Гортенс, жена Его императорского высочества, плоскостопого принца Луи, стала принцессой благодаря замужеству, а Эжен Богарнэ, сын ее величества императрицы, получил титул Его высочества…

Хотя сестры Наполеона за 24 часа успели сшить у лучших портных костюмы, расшитые пчелами, «Монитор» пока еще не опубликовал ничего об их возведении в ранг принцесс. Каролина, которая замужем за Мюратом, так же, как и я, стала супругой маршала. В «Мониторе» сообщалось, что маршалы впредь будут отвечать на обращение «монсеньор». По этому поводу Каролина спросила вполне серьезно, буду ли я называть своего мужа монсеньором при посторонних. На этот глупый вопрос я ответила не менее глупо:

— Нет. Я буду называть его монсеньором только в спальне. При посторонних я буду называть его Жан-Батист.

После церемонии восемнадцать семей маршалов обедали в Тюильри с императорской семьей. Стены, ковры, занавеси были расшиты золотыми пчелами. Несколько сотен вышивальщиц работали день и ночь, чтобы закончить вовремя эти орнаменты.

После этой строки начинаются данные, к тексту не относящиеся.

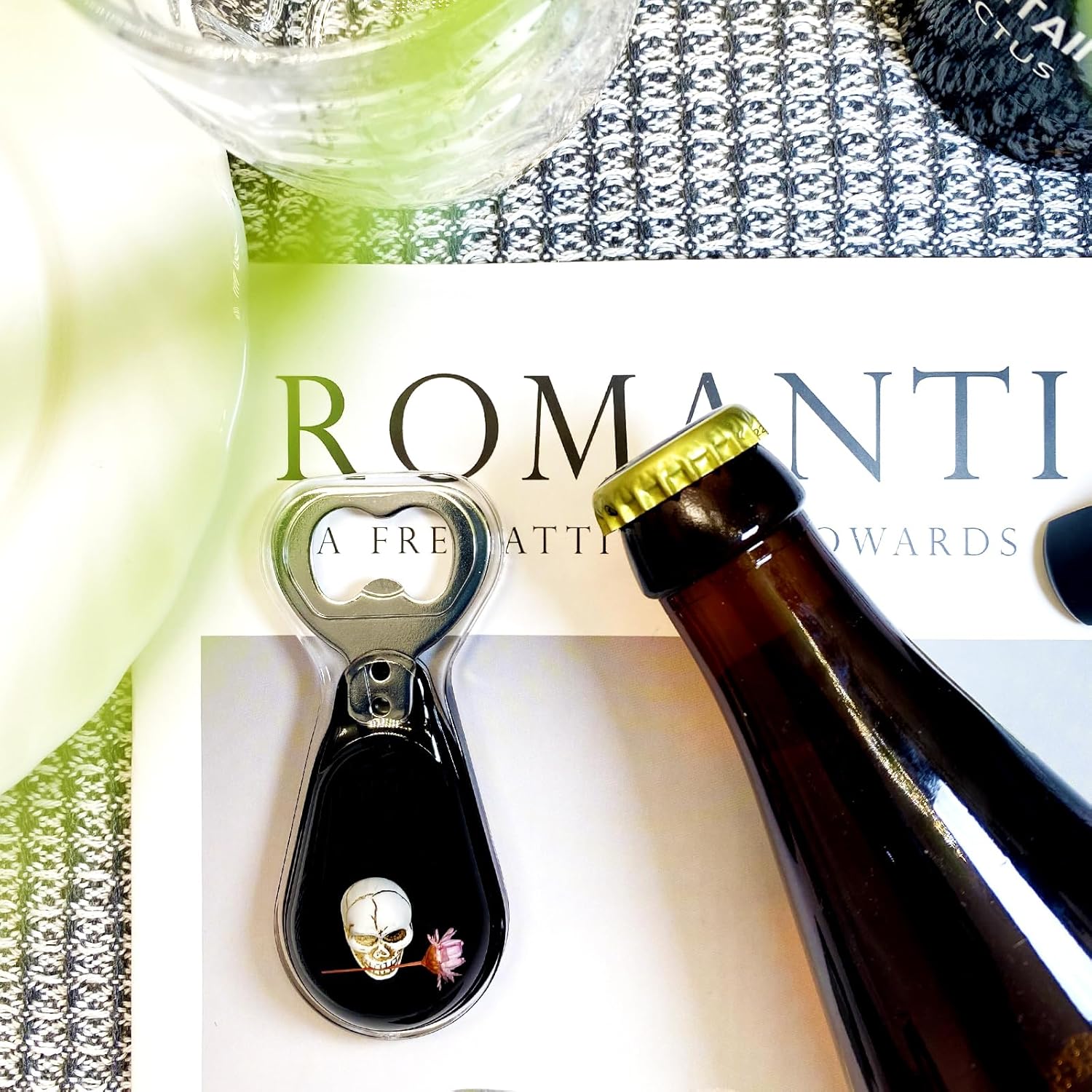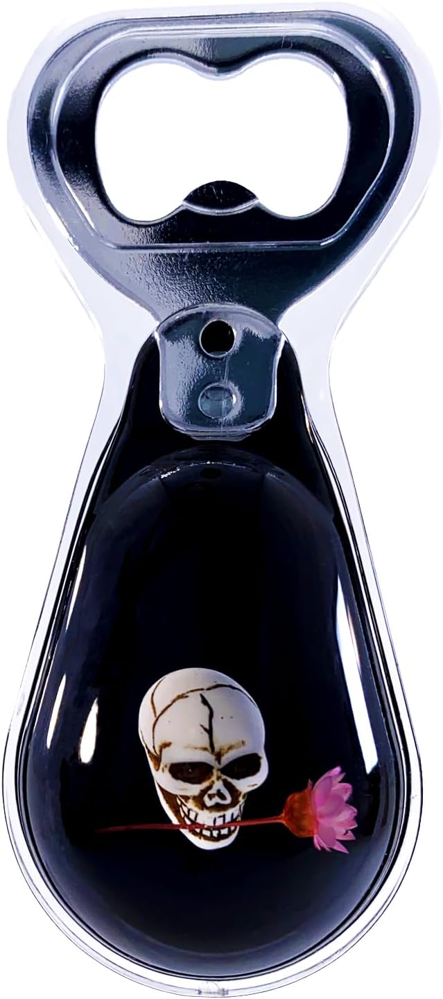 Halloween Ghost Skull Decor, Magnetic Bottle Opener, Original Design Skull Biting Flower in Black Resin – Strong Magnet for Fridge – Gothic Halloween Gifts - Black

Мне все время казалось, что этот мотив из пчел мне что-то напоминает. И вдруг, когда я опустила свой бокал шампанского и выгравированная на нем пчела повернулась вниз головой, я поняла: это были лилии… Пчелы Наполеона — это перевернутые лилии Бурбонов!

Я сразу поняла, что это не случайно… Мне захотелось спросить у Наполеона, угадала ли я, но он сидел за столом слишком далеко от меня. Я слышала лишь раскаты его смеха и то, как он называл Каролину через весь стол: «жена маршала — маршальша».

— Чем все это кончится? — спросила я у Жюли.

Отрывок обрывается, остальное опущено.